Steel focusing on development, collaborationWritten by Gail Burkhardt | | email@example.com
Since his appointment to Toledo City Council in July, former Toledo Public School Board of Education president Steven Steel has proposed several initiatives to improve Toledo’s struggling economy.
Steel said his experience balancing the Toledo Public Schools (TPS) budget has helped him with his budget planning on council and with working with his constituents and other entities.
Working on council also has given the Democrat an opportunity to deal more directly with Toledo’s citizens than he did on the school board. Emotions also do not run as high at city council, he said.
“People take their trash collection seriously, but not as seriously as they take their children,” he said.
One of his main projects as an at-large council member is developing a joint economic district where Toledo and outside cities and townships work together. Recently, council agreed to make a joint economic development district near Metcalf Field, an airport owned by Toledo, but located in Wood County, Steel said.
The new district provides opportunities for warehouse facilities and transportation with nearby roads, trains and the airport.
Steel said he is trying to move other initiatives that he worked on with the school board to council, including cost-saving collaborative agreements between schools and other city properties. For example, if a school is next to a park, instead of having a Toledo Public School employee and a city employee maintain each entity, one employee would take care of both properties.
At-Large Councilman George Sarantou, a Republican and chairman of council’s finance committee, said Steel’s experience with personnel costs from TPS has been helpful for the city’s budget.
Steel is working to make the city greener with an initiative that he worked on at the school board, said Councilman Mike Craig, D- 3rd District.
“I think in the future, we’re going to look at having city council go paperless, which would mean less paper, not no paper,” Craig said, adding that Steel was on the school board when it went “paperless.”
Steel said he decided to take the appointed position on council in July instead of waiting to run in November because he wanted to gain experience.

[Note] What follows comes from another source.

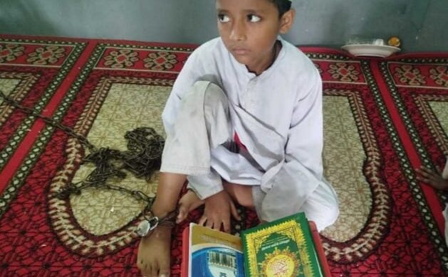 পিরোজপুরের ভাণ্ডারিয়ায় এক কওমি মাদ্রাসায় অমানবিক নির্যাতনের ঘটনা প্রকাশ পেয়েছে। উপজেলার ধাওয়া ইউনিয়নের দারুল উলুম হাফিজিয়া কওমি মাদ্রাসা থেকে পায়ে শিকল বাঁধা অবস্থায় ওসমান মল্লিক (৬) নামের এক শিশু শিক্ষার্থীকে

“I decided that if I’m the right person in July then I’m the right person in January,” he said.
Despite leaving the board before the end of his term, Steel said he enjoyed the challenges that the board presented him.
“As my leadership as president, I can take some credit for making the school board a leading body,” Steel said of his time on the school board, adding that he hopes to improve council as well.

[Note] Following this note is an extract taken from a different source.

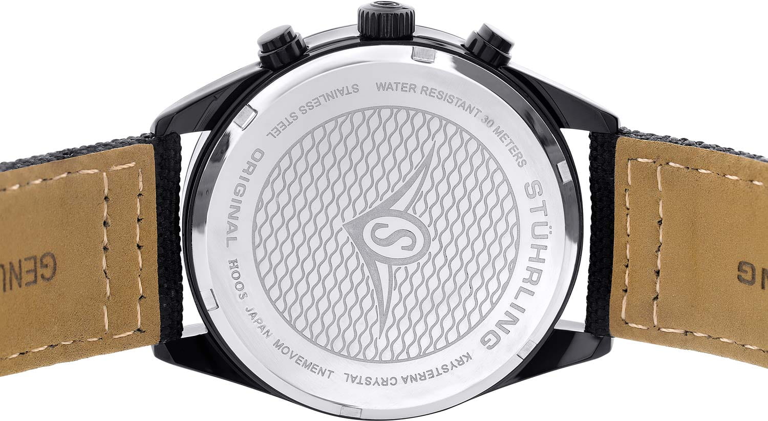 Stuhrling 4001.6 — стильные мужские часы в авиационном духе, где функциональность сочетается с современным дизайном. Корпус из нержавеющей стали с PVD-покрытиемPVDУльтратонкое покрытие наносится в технике вакуумного напыления, сочетает в себе нитрид титана особой прочности со слоем золота или оксида хрома. Несёт в себе декоративную или защитную функцию. подчёркивает прочность и надёжность модели, а глубокий циферблат с крупными арабскими цифрами и тремя счётчиками хронографаХронографФункция позволяет измерять отрезки времени с особой точностью: часы, минуты, секунды. Верным признаком хронографа является наличие на циферблате 3 дополнительных окошек-счётчиков. придаёт динамичный характер. Контрастные стрелки и метки с люминесцентным покрытиемЛюминесцентное покрытиеПозволяет считывать показания времени в темноте. Производители наносят на стрелки, часовые индексы, безель или поверхность циферблата светонакопительный состав, дающий холодное свечение. обеспечивают превосходную читаемость даже в темноте. Прочное стекло KrysternaKrysternaKrysterna — инновационное стекло для наручных часов. Благодаря уникальной структуре, Krysterna объединяет ключевые преимущества двух материалов: твердость сапфира, защищающую от царапин, и гибкость минерального стекла, обеспечивающую устойчивость к деформациям. Такая комбинация делает его идеальным решением для часов, подверженных экстремальным нагрузкам, сохраняя при этом оптическую прозрачность. устойчиво к царапинам и сохраняет идеальную прозрачность. Завершает образ тканевый ремень, добавляющий часам лёгкости и спортивного обаяния. Stuhrling — воплощение мужского стиля и уверенности в каждой детали.

Current board president Bob Vasquez said Steel’s organization made the board better.
“He brought the board together to use a process for doing the board work, he strengthened our committee structure, he gave everybody instructions of how to work with their committee and work through the issues through committee,” Vasquez said.
Although Vasquez and board member Lisa Sobecki applauded Steel’s leadership, others said he was difficult to work with during his presidency.

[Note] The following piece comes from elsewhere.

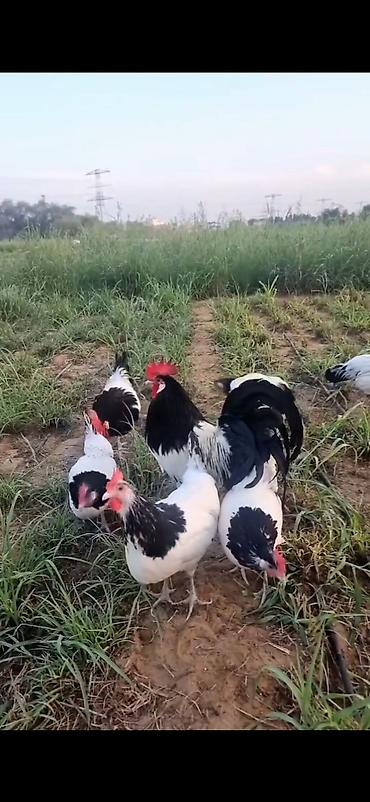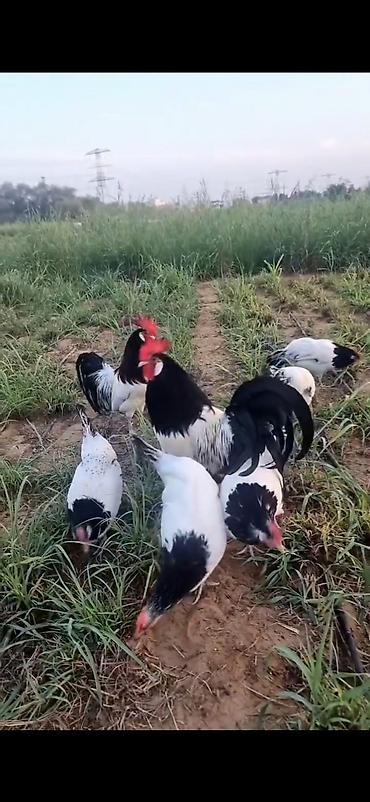 Qeyd: Şəkillərdə göstərilən real sürüdür; qara quyruqlu xoruzlar və ağ-qara yumurtacı toyuqlar birlikdədir.

“I don’t think ideas that I brought forward were considered by Mr. Steel,” said board member Darlene Fisher whose term ends in January.
She said that Steel did not include her in important board conversations and that he had a conflict of interest in dealing with the Toledo Federation of Teachers because his wife teaches in TPS.
Fisher added that Steel’s political aspirations may have prevented him from being a good board president.
“I think we need to find people who are focused mainly on education,” she said.
The former co-president of Parents for Public Schools in Toledo agrees.
“Steve Steel is only interested in himself and only does things that further his political career,” said Steven Flagg, who is a member of the public education reform group Urban Coalition.
Flagg said Steel was difficult to communicate with and did not close down schools to balance TPS’ budget because of his political goals.
Flagg said he also warned council members not to trust Steel.
However, council members with whom Steel has worked closely seem to respect the newcomer.
“He’s captured concepts that are vital for the future of the city of Toledo,” said Councilman D. Michael Collins, I-2nd District.